There are products that track social media and internet activity, scan the web for background on jobs, criminal history, social status etc. They also track smartphone use and behavioral trait based on usage, activity, locations etc. to build models of creditworthiness

Crowdfund Insider: How are financial institutions utilizing technology to overcome regulatory reporting challenges?

Jay Nair: MiFiD, GDPR, CCPA are driving the need for regulatory reporting over last few months. Regtech or regulatory reporting technology is focusing on digitization of manual processes to ensure availability of reports on demand at lower cost. Large banks and cap market firms are partnering with Fintech firms to drive transformation in this domain. Financial firms will continue to invest significantly in building reporting hubs to create real time reporting to assess the impact of changing regulations.
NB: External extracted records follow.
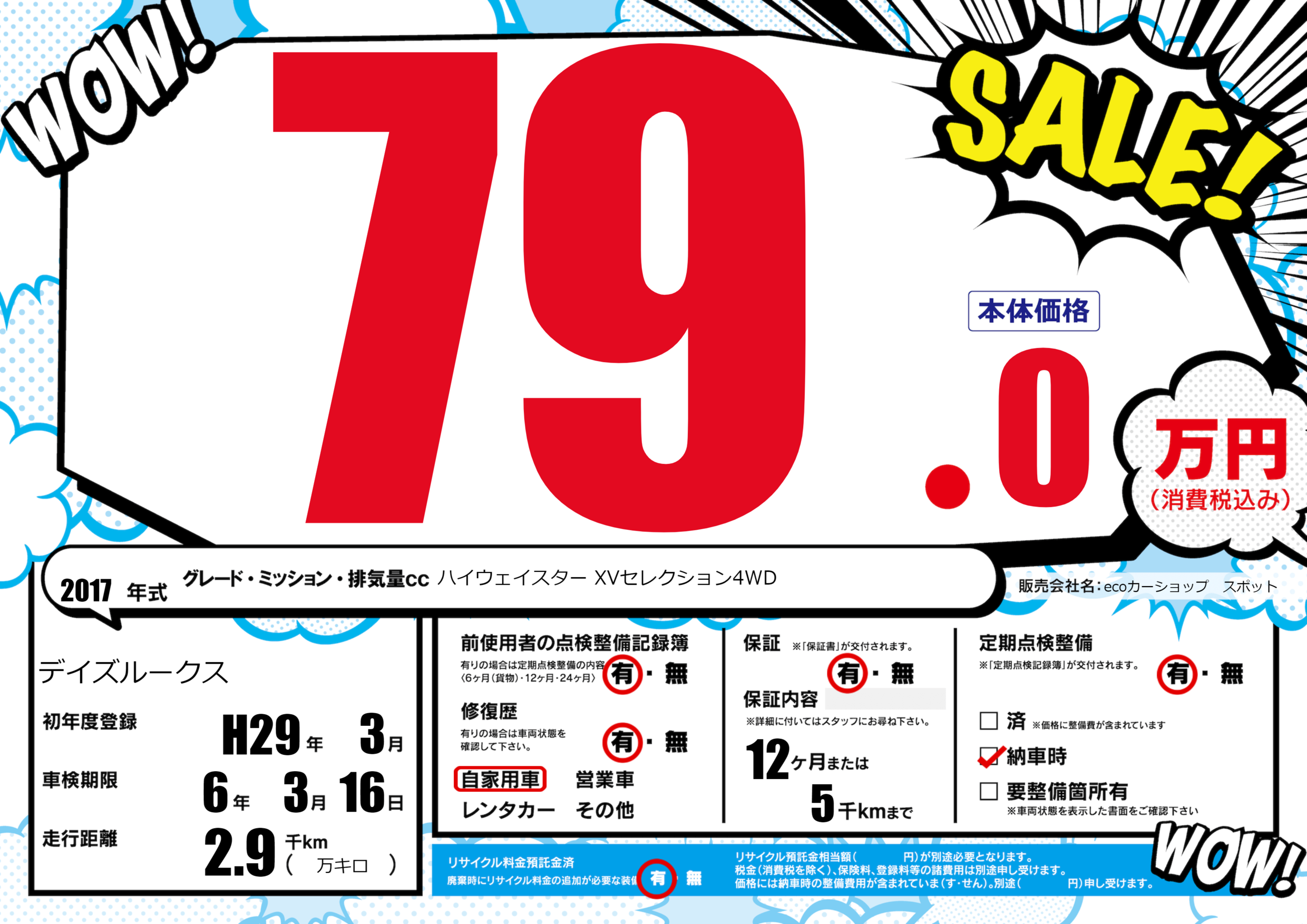 | 走行キロ | 0.2万km | 初年度登録 | H29年3月 |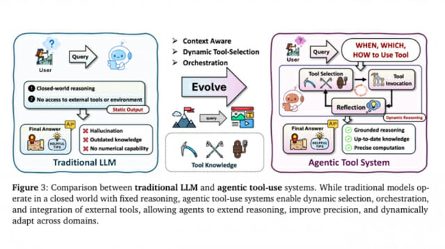 이런 AI 기술은 이미 여러 분야에서 실제로 쓰이고 있다. 수학 문제 풀이, 프로그래밍, 과학 연구, 로봇, 의료, 인터넷 검색 등 다양한 영역에서 활약 중이다. 과학 분야의 켐크로우(ChemCrow)는 여러 화학 도구를 자동으로 연결해서 화학 물질 합성 과정을 스스로 진행한다. 켐매트에이전트(CheMatAgent)는 100개가 넘는 화학 및 재료 관련 도구를 다루면서, 어떤 도구를 선택하고 어떻게 사용할지를 학습한다.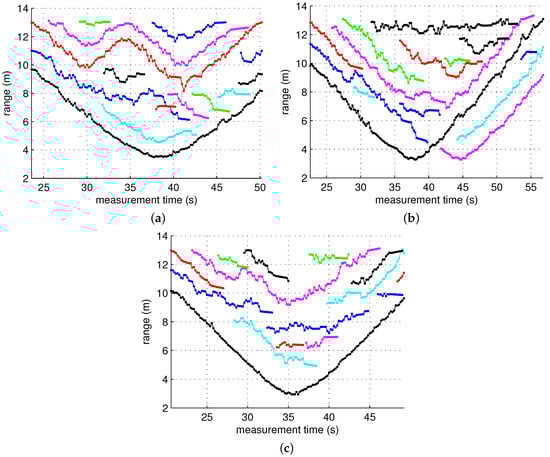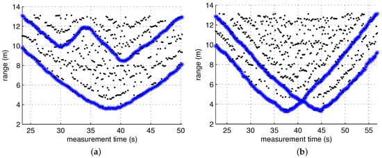 where the measurement noise is also Gaussian with a zero mean and a variance of 0.65. The widely used nearest neighbor method was employed for gating, and the gating threshold was chosen to be 0.87. The initial state is . Figure 10 and Figure 11 show the result of the tracking algorithm applied to three scenarios. In these figures, it is not easy to perfectly distinguish between true tracks and ghost tracks. However, the ghost tracks can be roughly identified by comparing them with the trajectory of the actual distance of the target shown in Figure 7, and it can be seen that the number of ghost tracks noticeably decreased when the ghost rejection algorithm was applied. For example, in Scenario 3, the number of ghost tracks decreased from eleven to two.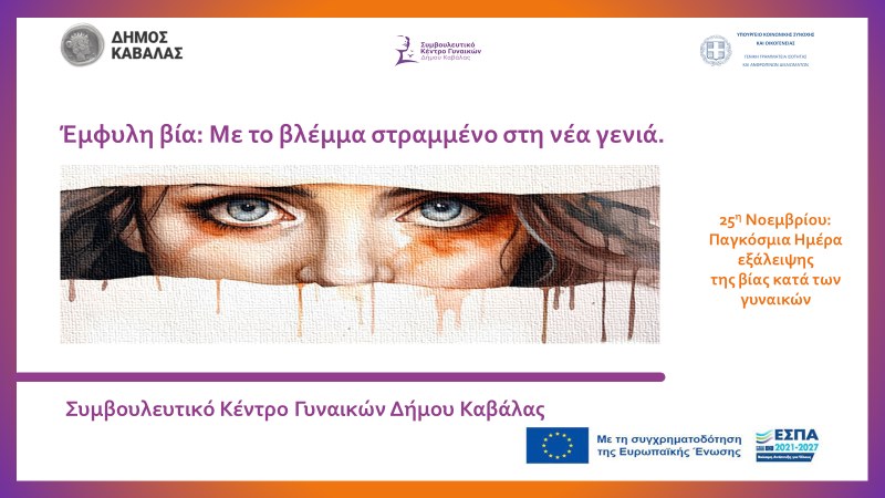 Η πράξη με τίτλο “Συνέχιση Λειτουργίας Κέντρου Συμβουλευτικής Υποστήριξης γυναικών θυμάτων βίας Δήμου Καβάλας” εντάσσεται στο πρόγραμμα “Ανατολική Μακεδονία, Θράκη 2021-2027” και συγχρηματοδοτείται από το ΕΚΤ+.
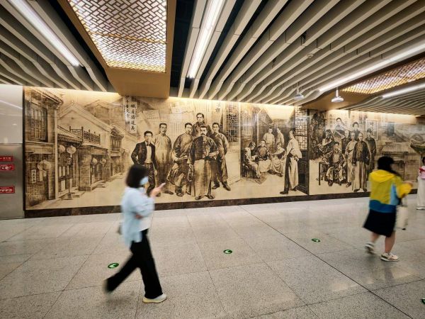 在7号线虎坊桥站,有市民站在《浩气宣南》壁画前,端详良久,“我知道鲁迅先生的故居就在附近,但真没想到,历史上这么多仁人志士,都在宣南这一带留下过足迹。”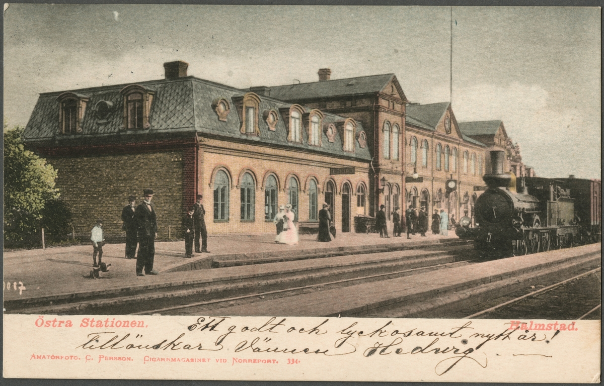 Halmstad central på handkolorerat vykort.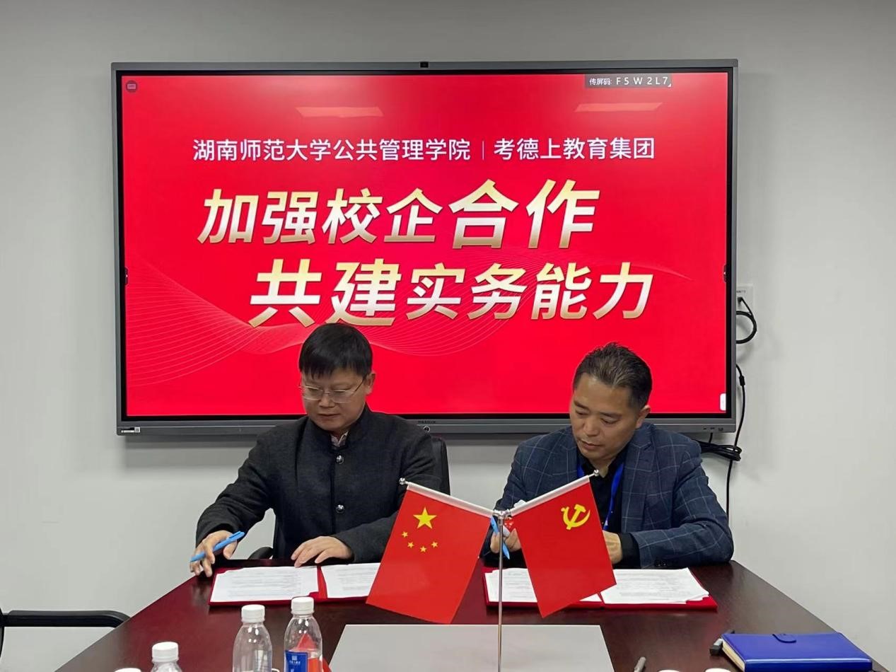 为进一步深化校企合作协同育人机制,11月25日下午,我院院长毛新志、副院长王敏、党委副书记孙雯波一行赴考德上教育集团总部开展校企合作课程签约座谈会。考德上教育集团董事长田亚东等人出席本次活动。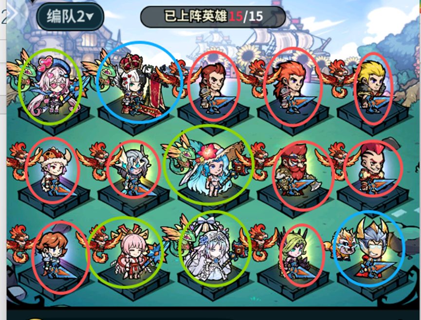 加成完毕,下面我们梳理阵容搭配。可以清楚看到,战士金币加成最大为200%,法师和弓箭手为120%。其他加成都一样。所以我们可以多选用平时不玩的战士(下图红圈所示)上阵,可以获取较高金币加成,减少英雄破产的情况出现。但是这些战士练度比较低,往往嘎的比较快,那么我可以安排两个攻击力相对较弱的主坦(下图篮圈所示)承担伤害,同时为了提高战士们的生存能力,较大的消耗饥饿、疲劳、心情,提高收益,可以编入部分治疗职业。具体数量,要实测1小时净化之力消耗和绷带消耗。控制在390-430之间最佳,绷带消耗要收入数量和消费数量达到平衡。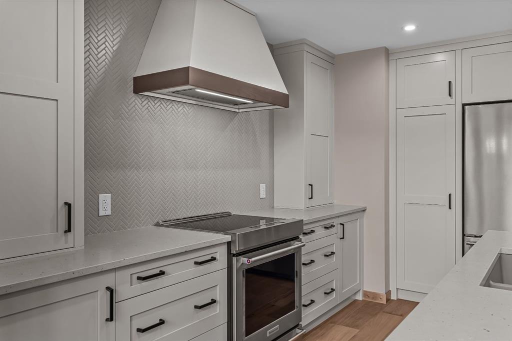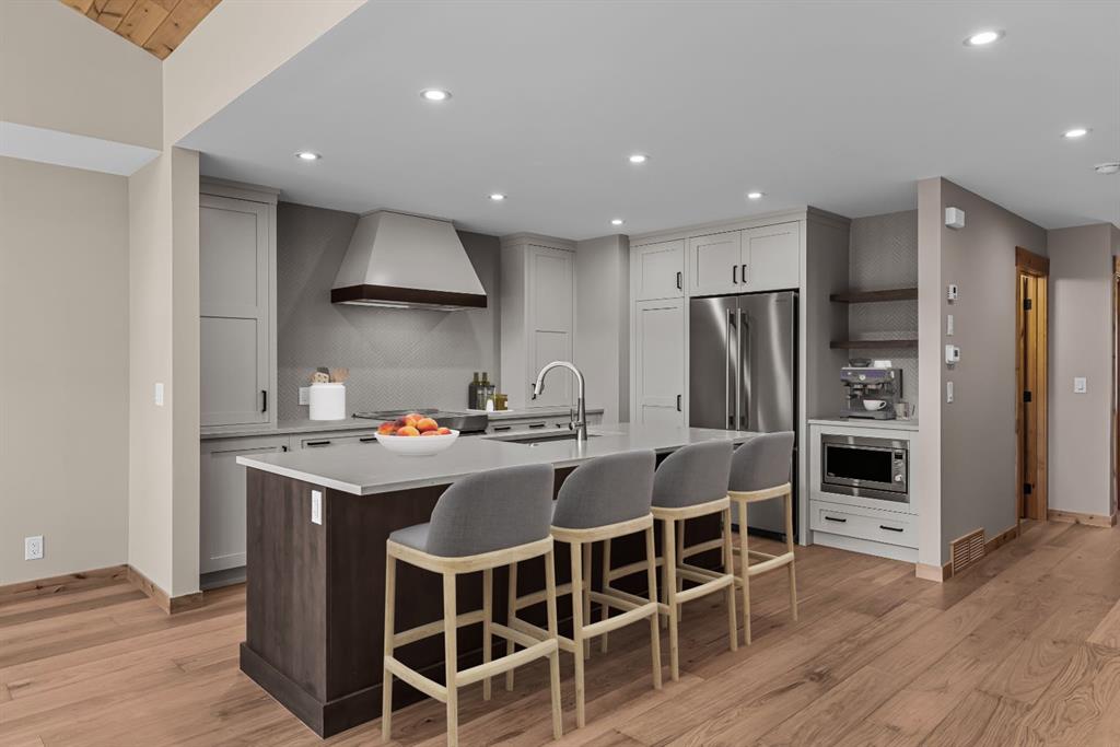 Privately positioned with a treed backdrop and the soothing feel of the creek nearby, this home is designed to deliver the mountain experience guests are looking for. The main living area is warm, bright, and beautifully finished, with vaulted wood ceilings, large windows, and an open-concept layout that takes full advantage of the views and natural setting. The kitchen is a standout, featuring quartz countertops, solid wood cabinetry, and KitchenAid stainless steel appliances, including an induction stove, all centered around a large island that invites gathering and entertaining.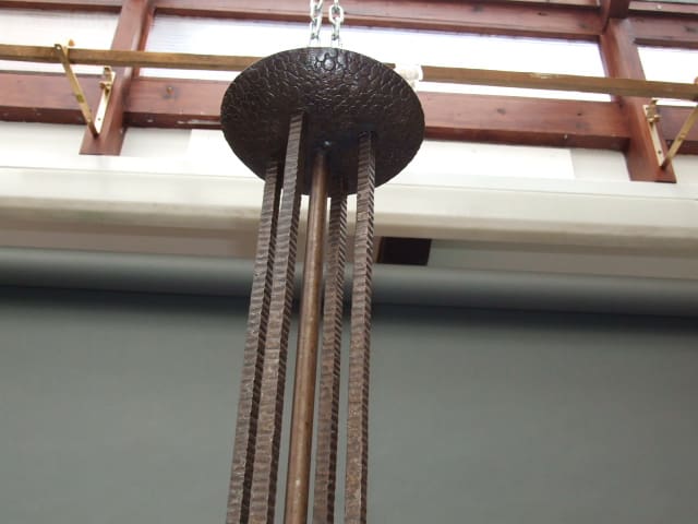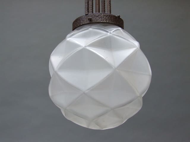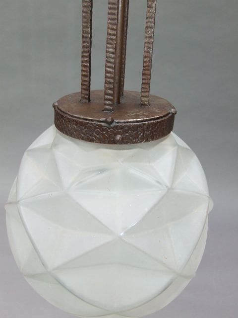 A French art deco wrought iron ceiling lamp with multi faceted globe shade.
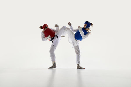 Female taekwondo fighters in red and blue protective gear in motion, fighting with synchronized kicks on white background.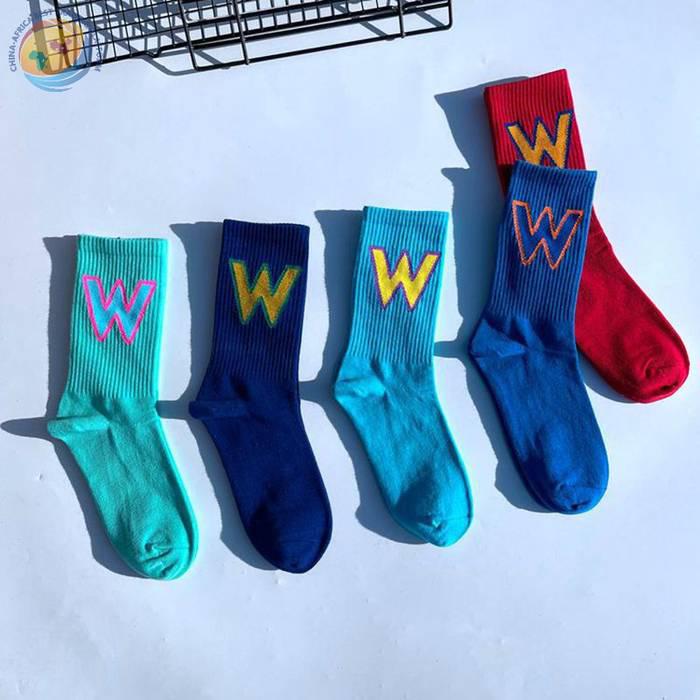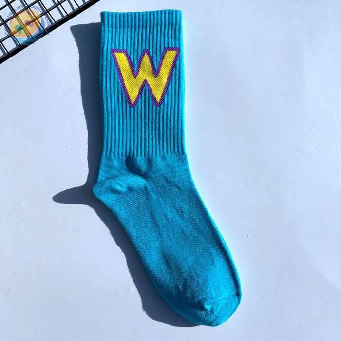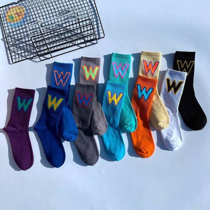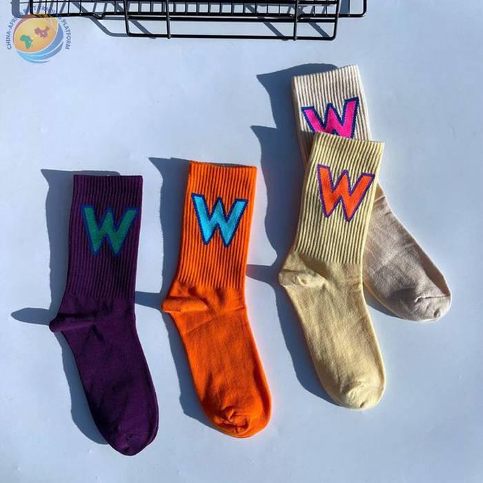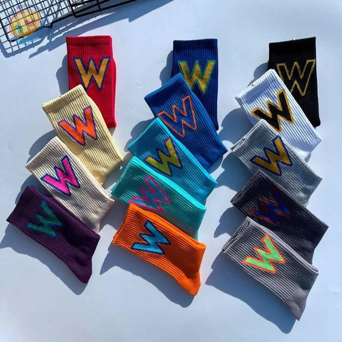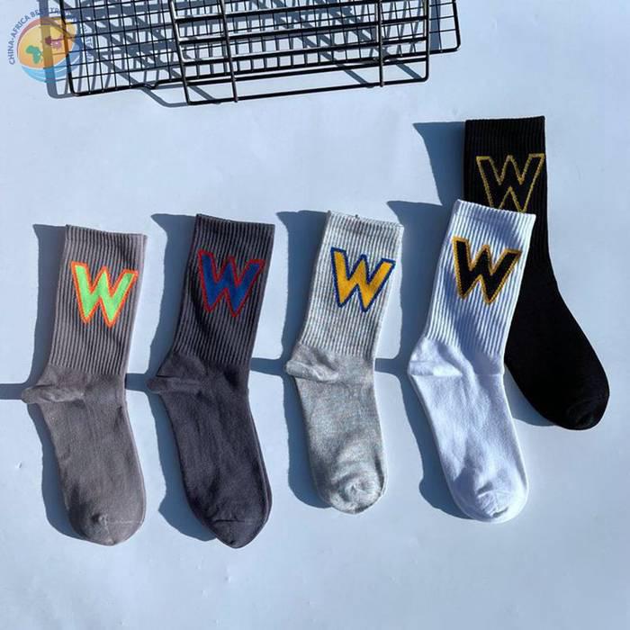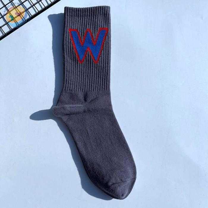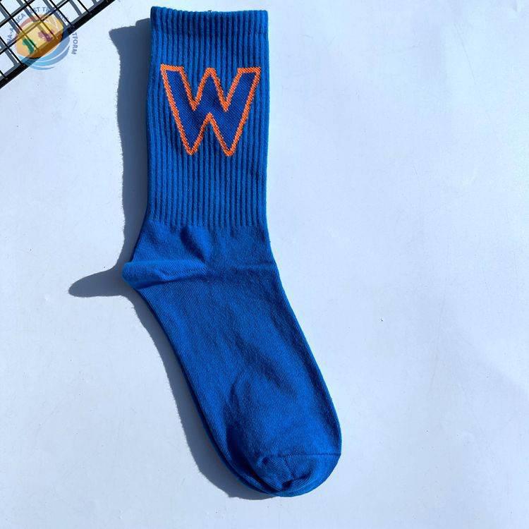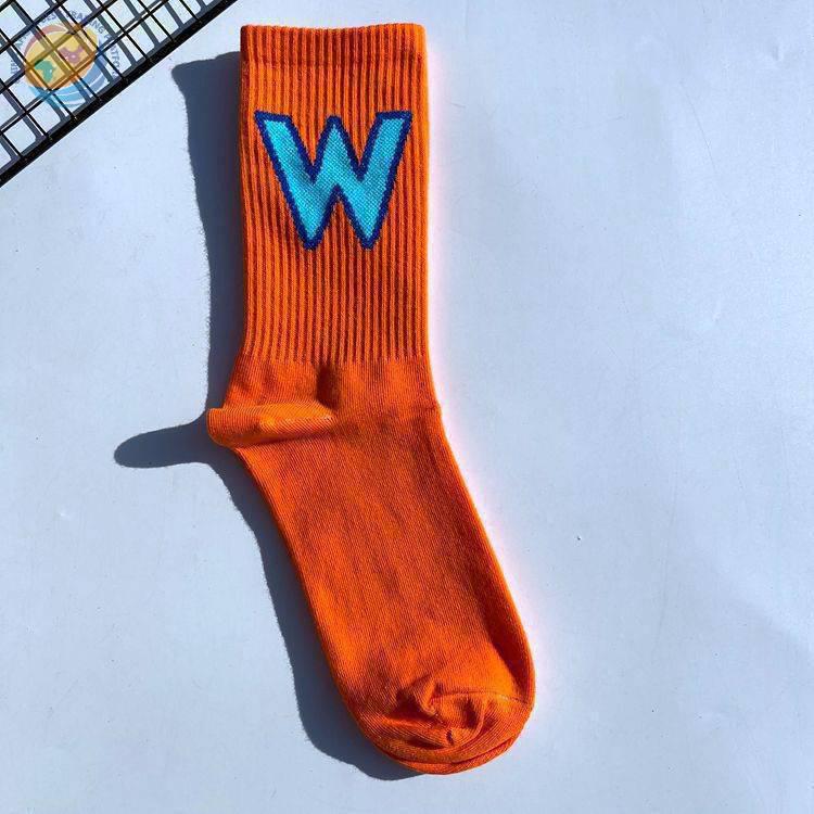 网红大W袜子男女潮欧美街头ins运动嘻哈滑板中筒个性学院风长棉袜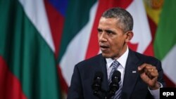 Претседателот Барак Обама, зборувајќи за единството на Европа постигнато по двете светски војни, а потоа и по Студената, изјави дека продолжува натпреварот на идеи што водеа кон овие конфликти.

Regulatory reporting provides two types of challenges to financial institutions. Firstly, the requirements are not clearly defined early on and therefore banks get limited time to prepare the reports. Second, the reports require them to collect large volumes of data from across their enterprise which may not be available in a homogenous manner.

FI’s are responding to this by building a data lake infrastructure using Big Data technology to collect data from disparate sources and transform them into a denormalized form where they can run analytics.

Secondly, FI’s are moving towards Self Service BI applications such as Tableau and Qlikview which allows them to build reports on demand. This is replacing the heavy “canned reports” architecture which required heavy IT effort and time to prepare the reports. In the new age, business users are exposed data from the data lake in an easy-to-understand manner which they can use to build their own reports in a short period of time and provide to regulators.